*** Record set ***

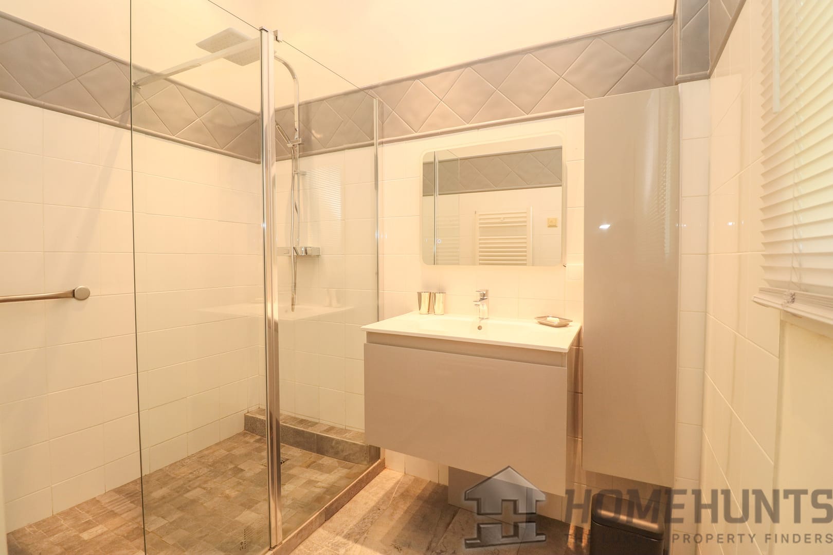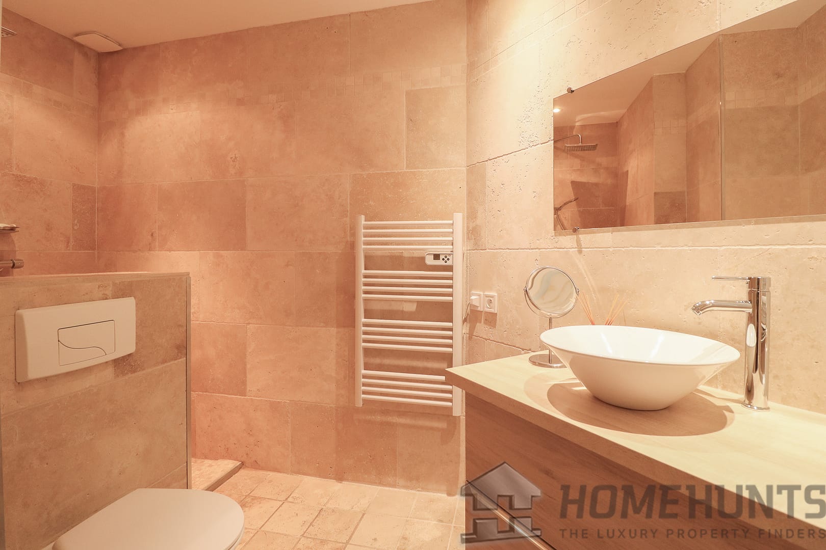 On the ground floor, you’ll find a master suite with bathroom (jacuzzi) and separate WC, as well as two additional bedrooms, each with its own shower room and WC. All bedrooms have built-in wardrobes and direct access to the outside.
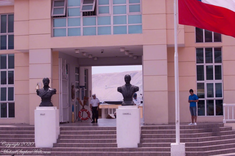 Larger than life busts of two Chilean heroes flank the entrance. We learned about Prat in an earlier post. While Captain Prat lost his life during the Battle of Iquique, Carlos Arnaldo Condell De La Haza, Captain of the schooner Virgen de Covadonga, escaped a larger and heavier gunned Peruvian ship, the armored frigate Independencia, sailing south.
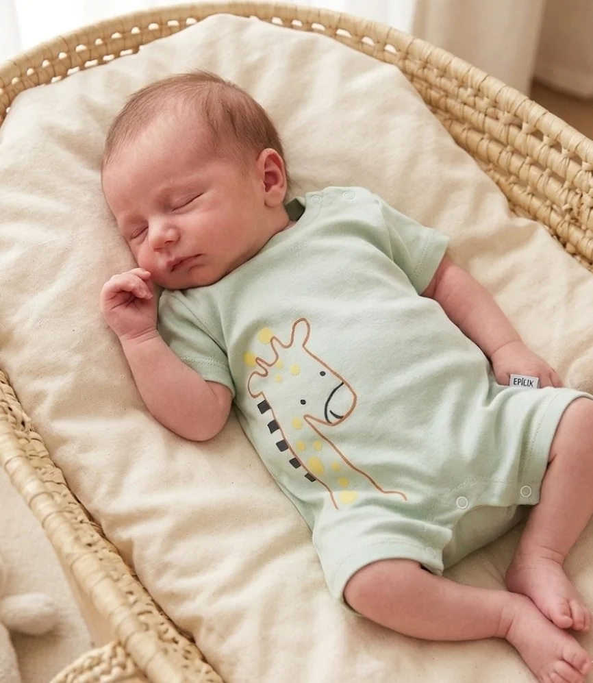 %100 pamuk, yumuşacık ve nefes alır yapı. Sevimli deseni ve çıtçıtlı tasarımıyla rahat kullanım sağlar.
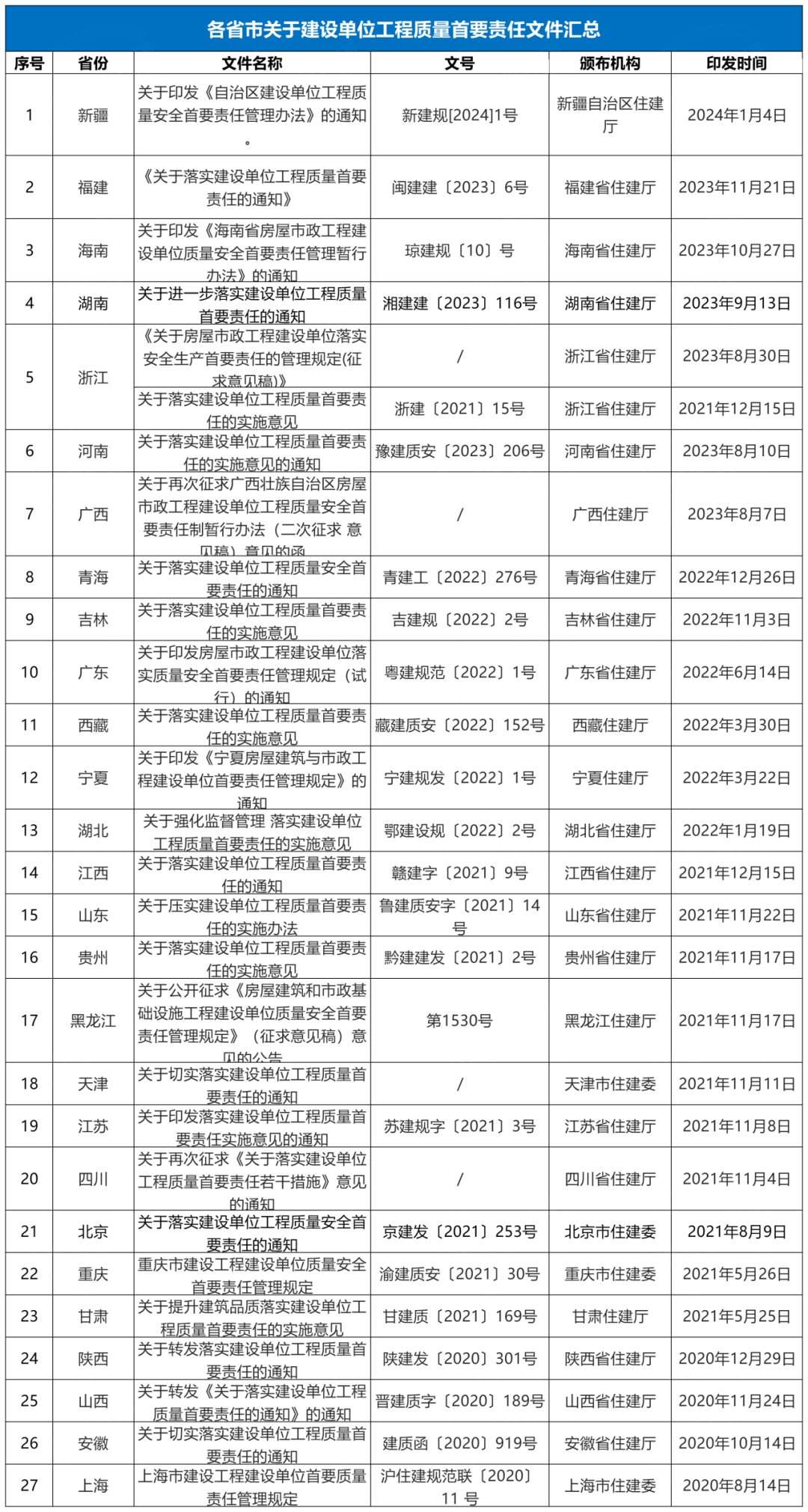 截至目前,27省市已經(jīng)發(fā)文跟進住建部《關(guān)于落實建設(shè)單位工程質(zhì)量首要責任的通知》(建質(zhì)規(guī)〔2020〕9號),嚴格落實建設(shè)單位工程質(zhì)量首要責任。
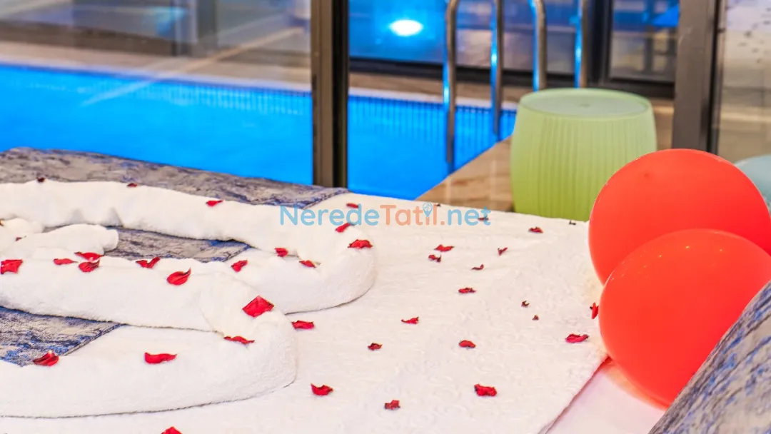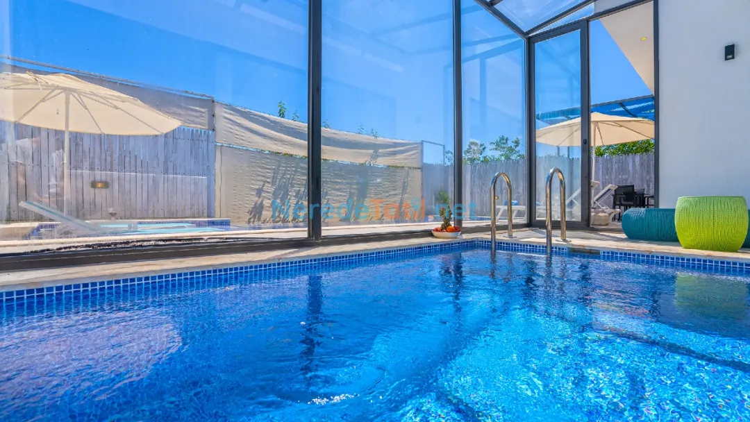 Soğuk havalarda da konforunuz düşünülerek tasarlanmış olan ısıtmalı kapalı havuz, keyifli anlar geçirmenizi sağlıyor. Kapalı havuz 4x4 metre boyutlarındadır ve sadece 60 cm derinliğe sahip olduğu için rahatça kullanılabilir.
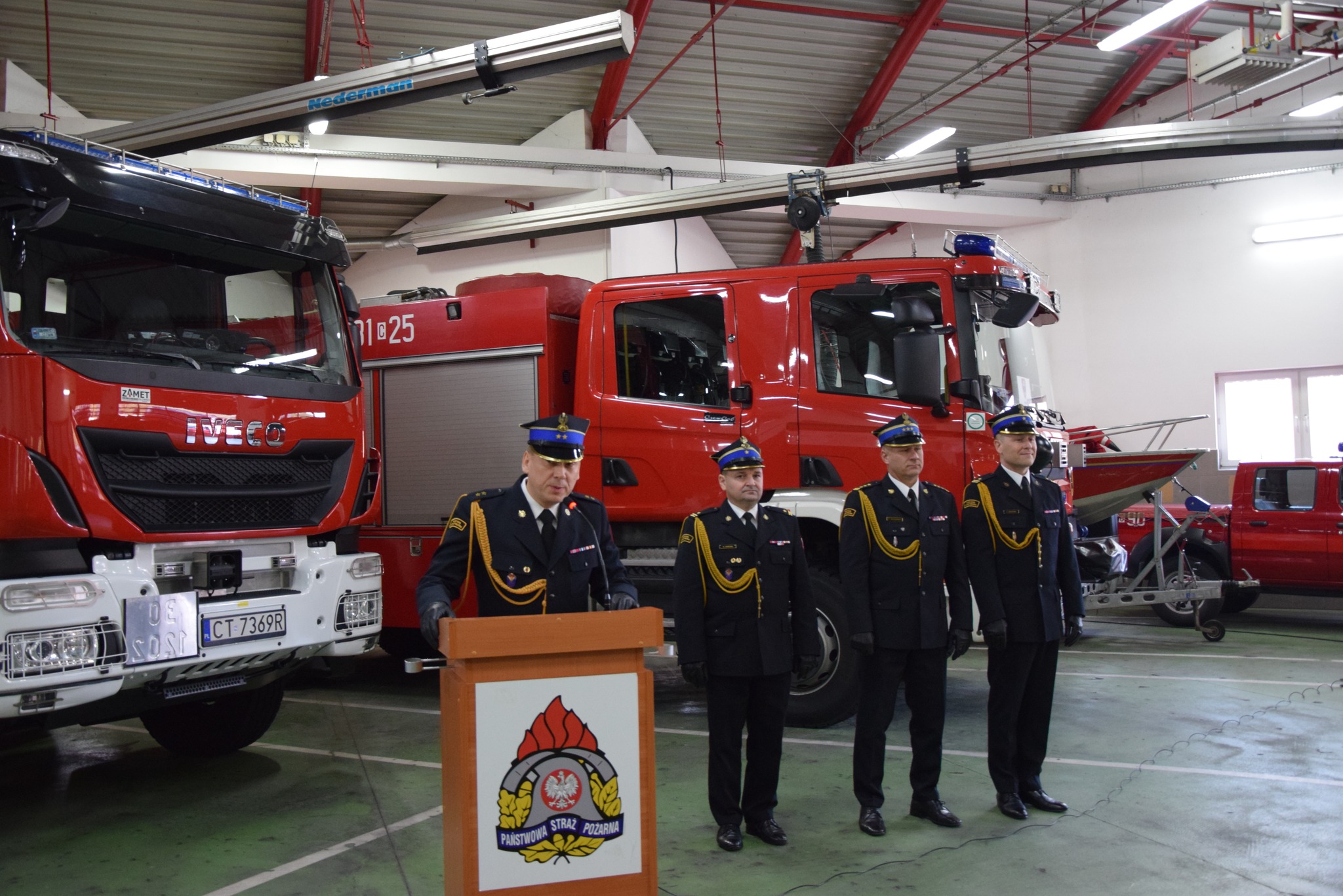 W uroczystości uczestniczyli: st. bryg. Robert Wiśniewski – Zastępca Kujawsko – Pomorskiego Komendanta Wojewódzkiego Państwowej Straży Pożarnej oraz funkcjonariusze i pracownicy cywilni Komendy Powiatowej PSP w Golubiu-Dobrzyniu.
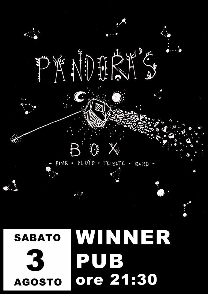 I più bei pezzi dei Pink Floyd rivivranno al Winner Pub di via Salvo D'Acquisto di Caltanissetta, dove stasera la tribute band dello storico “Pandoras' Box” Â si esibirà proponendo dal classico The wall fino a The dark side of the moon, senza dimenticare l'intramontabile Wish you were here e altri brani del repertorio della gloriosa band inglese. I Pandora's Box sono Simone Faraci, tastiere e voci, Michele Cigna, chitarra elettrica e voci, Valerio Immordino, basso elettrico e voci, Pierluigi Miraglia alla batteria.
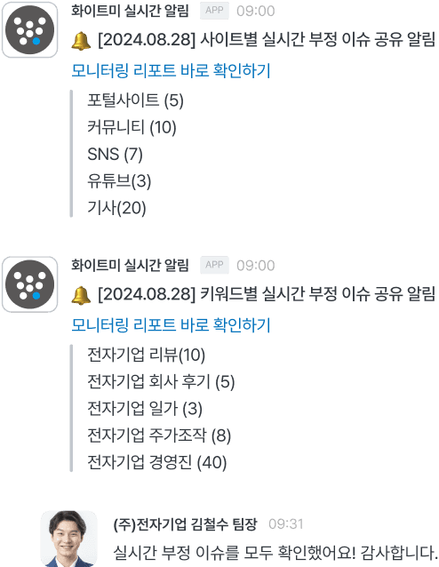 부정 이슈 실시간 알림 기능
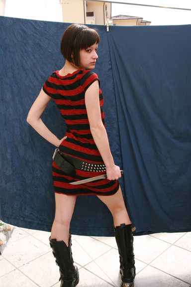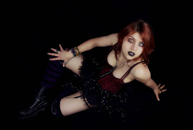 This is a very great shot. I love the girl's outfit and the shadow is really evil.
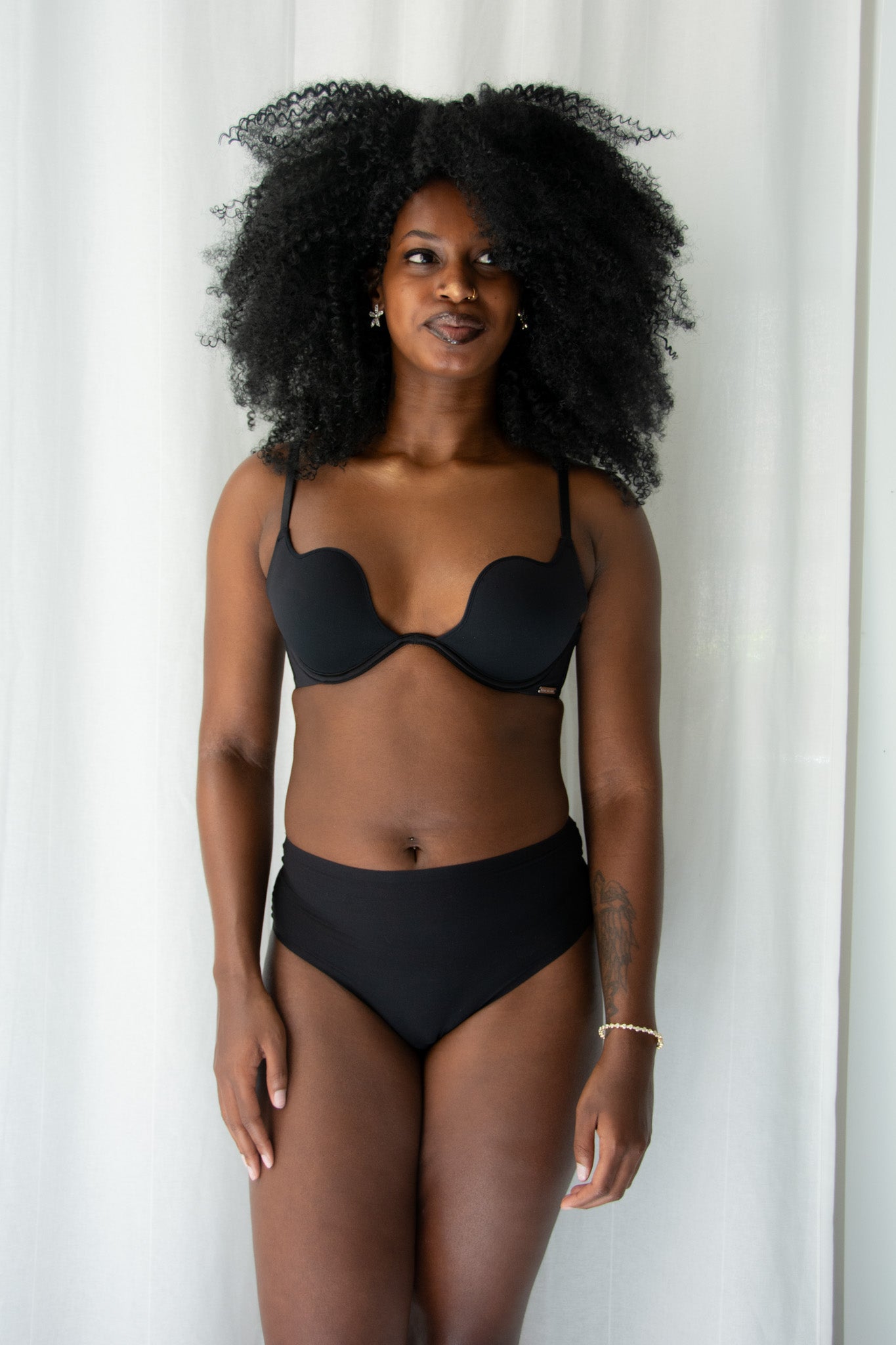 This solutions-based bra from Fleur du Mal features a molded cup with a deep U-plunge front to accommodate deep v necklines while offering a noticeable push up.
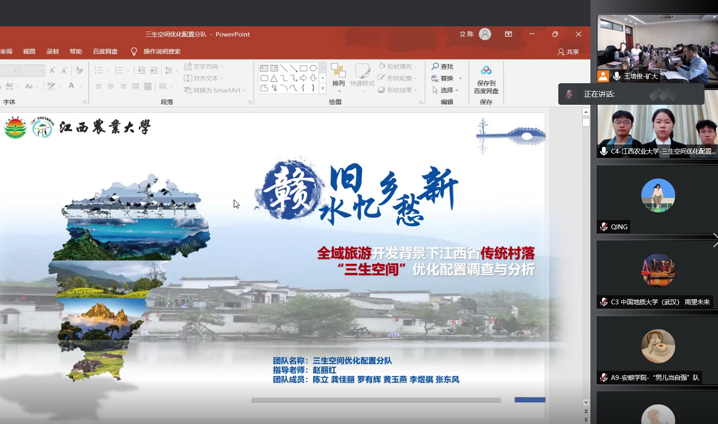 2021年10月17日,“博源”杯第三届全国大学生土地国情调查大赛决赛在中国矿业大学举办。大赛采取线上线下相结合的方式进行,并全程视频直播。我院学生陈立、龚佳丽、黄玉燕、罗有辉、李煜祺、张东风(指导老师:赵丽红)完成的参赛作品《赣水旧忆乡愁新——全域旅游开发背景下江西省传统村落“三生空间”优化配置调查与分析》荣获本次大赛二等奖。

*** End of Record set ***

▸ Exercise objective: Line by line, reproduce exactly the lines from the one containing "This solutions-based bra" through the final line of the material, both included, leaving every picture out.

▸ Response to this task:
 This solutions-based bra from Fleur du Mal features a molded cup with a deep U-plunge front to accommodate deep v necklines while offering a noticeable push up.
 2021年10月17日,“博源”杯第三届全国大学生土地国情调查大赛决赛在中国矿业大学举办。大赛采取线上线下相结合的方式进行,并全程视频直播。我院学生陈立、龚佳丽、黄玉燕、罗有辉、李煜祺、张东风(指导老师:赵丽红)完成的参赛作品《赣水旧忆乡愁新——全域旅游开发背景下江西省传统村落“三生空间”优化配置调查与分析》荣获本次大赛二等奖。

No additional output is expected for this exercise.